Data supplied Block Start

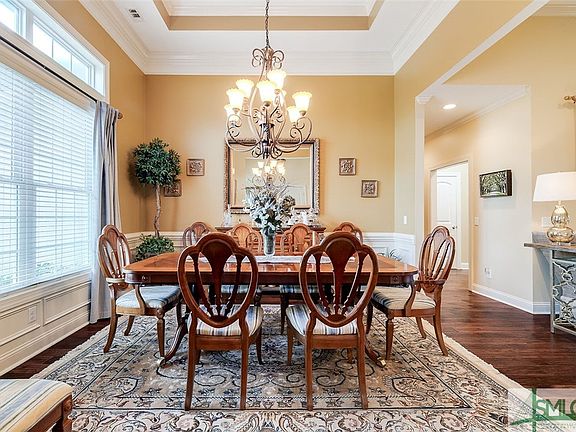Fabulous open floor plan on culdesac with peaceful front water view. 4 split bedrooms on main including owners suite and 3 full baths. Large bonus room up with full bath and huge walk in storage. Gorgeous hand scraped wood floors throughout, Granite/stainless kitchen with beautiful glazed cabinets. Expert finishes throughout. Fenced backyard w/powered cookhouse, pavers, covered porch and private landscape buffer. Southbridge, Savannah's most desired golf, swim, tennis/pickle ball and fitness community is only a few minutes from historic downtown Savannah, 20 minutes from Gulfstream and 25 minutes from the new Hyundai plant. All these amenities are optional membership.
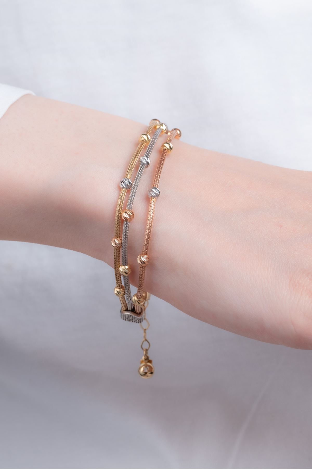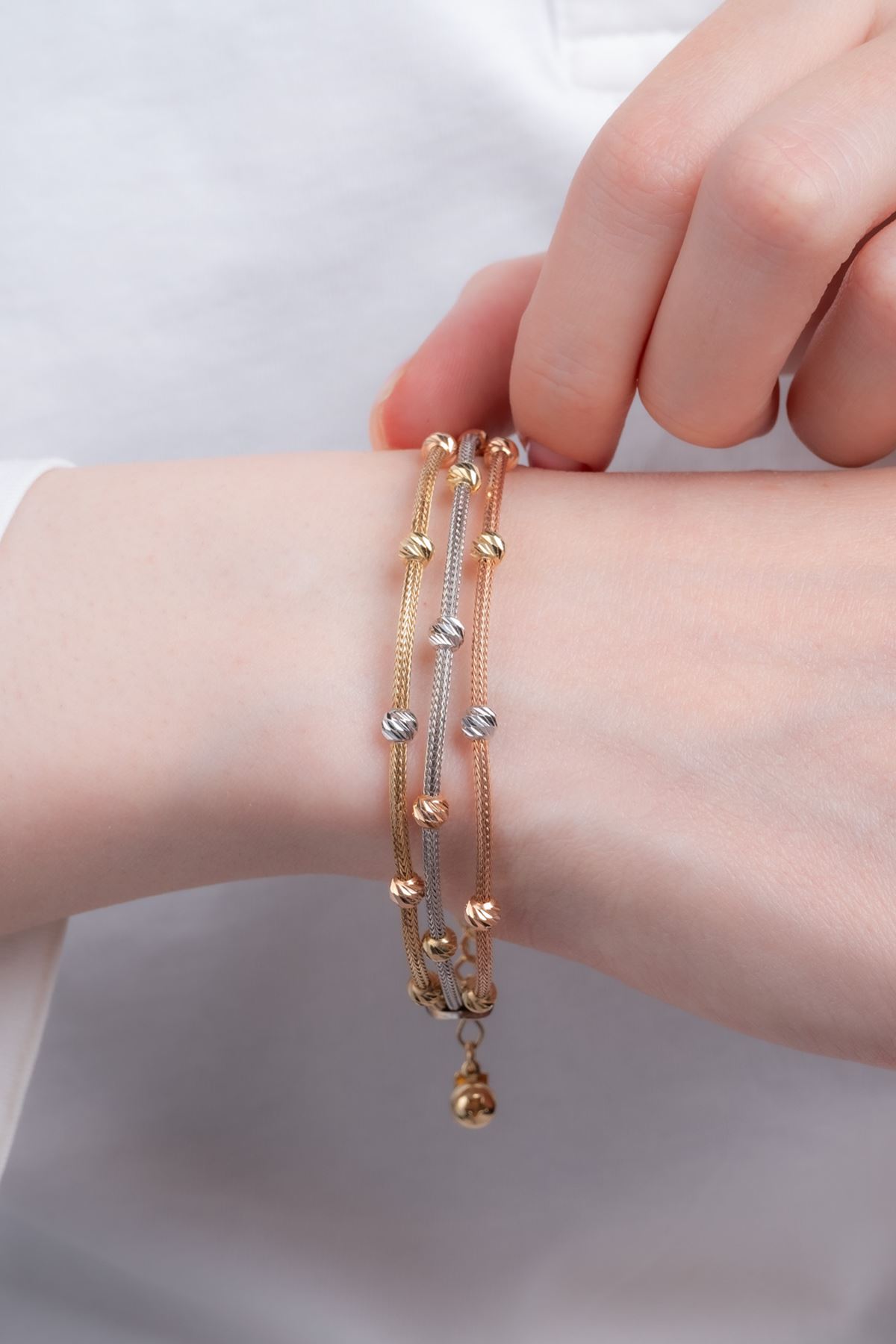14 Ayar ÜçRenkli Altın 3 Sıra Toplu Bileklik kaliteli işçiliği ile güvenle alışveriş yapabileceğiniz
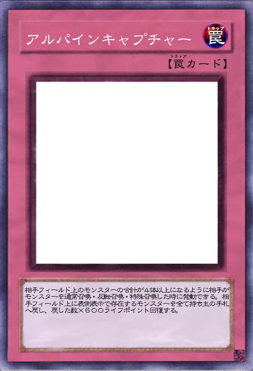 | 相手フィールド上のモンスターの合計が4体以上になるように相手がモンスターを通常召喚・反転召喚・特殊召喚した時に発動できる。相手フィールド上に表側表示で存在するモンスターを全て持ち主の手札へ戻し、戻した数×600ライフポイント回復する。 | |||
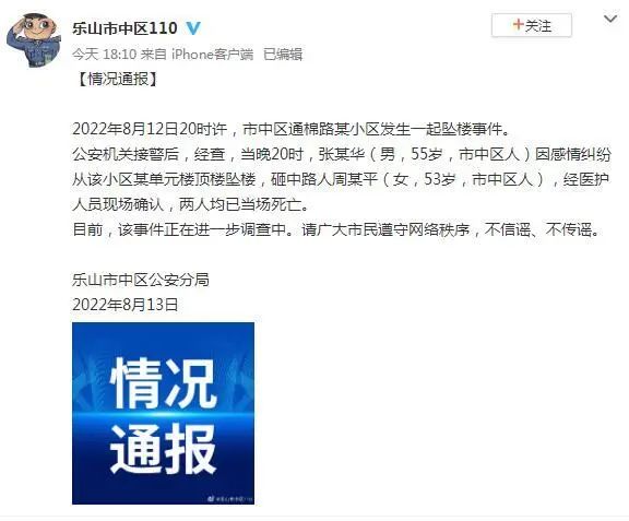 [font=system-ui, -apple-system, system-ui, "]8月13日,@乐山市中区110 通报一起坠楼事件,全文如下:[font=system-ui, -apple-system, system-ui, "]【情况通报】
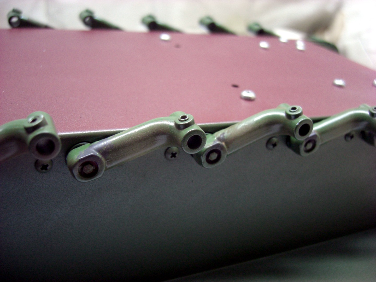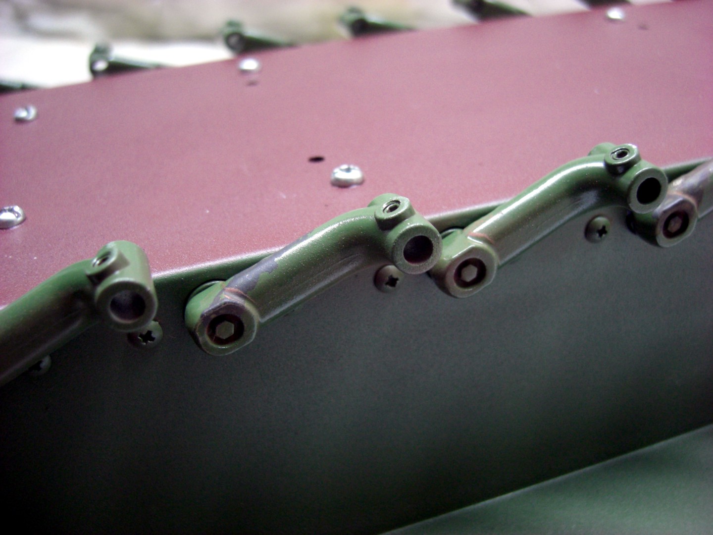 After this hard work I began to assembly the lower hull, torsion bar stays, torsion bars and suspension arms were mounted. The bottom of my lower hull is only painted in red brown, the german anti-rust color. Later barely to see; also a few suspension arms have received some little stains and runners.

Data supplied Block End

Give the data above again exactly. Leave the pictures out.

- [Written reply]
Fabulous open floor plan on culdesac with peaceful front water view. 4 split bedrooms on main including owners suite and 3 full baths. Large bonus room up with full bath and huge walk in storage. Gorgeous hand scraped wood floors throughout, Granite/stainless kitchen with beautiful glazed cabinets. Expert finishes throughout. Fenced backyard w/powered cookhouse, pavers, covered porch and private landscape buffer. Southbridge, Savannah's most desired golf, swim, tennis/pickle ball and fitness community is only a few minutes from historic downtown Savannah, 20 minutes from Gulfstream and 25 minutes from the new Hyundai plant. All these amenities are optional membership.
14 Ayar ÜçRenkli Altın 3 Sıra Toplu Bileklik kaliteli işçiliği ile güvenle alışveriş yapabileceğiniz
 | 相手フィールド上のモンスターの合計が4体以上になるように相手がモンスターを通常召喚・反転召喚・特殊召喚した時に発動できる。相手フィールド上に表側表示で存在するモンスターを全て持ち主の手札へ戻し、戻した数×600ライフポイント回復する。 | |||
 [font=system-ui, -apple-system, system-ui, "]8月13日,@乐山市中区110 通报一起坠楼事件,全文如下:[font=system-ui, -apple-system, system-ui, "]【情况通报】
 After this hard work I began to assembly the lower hull, torsion bar stays, torsion bars and suspension arms were mounted. The bottom of my lower hull is only painted in red brown, the german anti-rust color. Later barely to see; also a few suspension arms have received some little stains and runners.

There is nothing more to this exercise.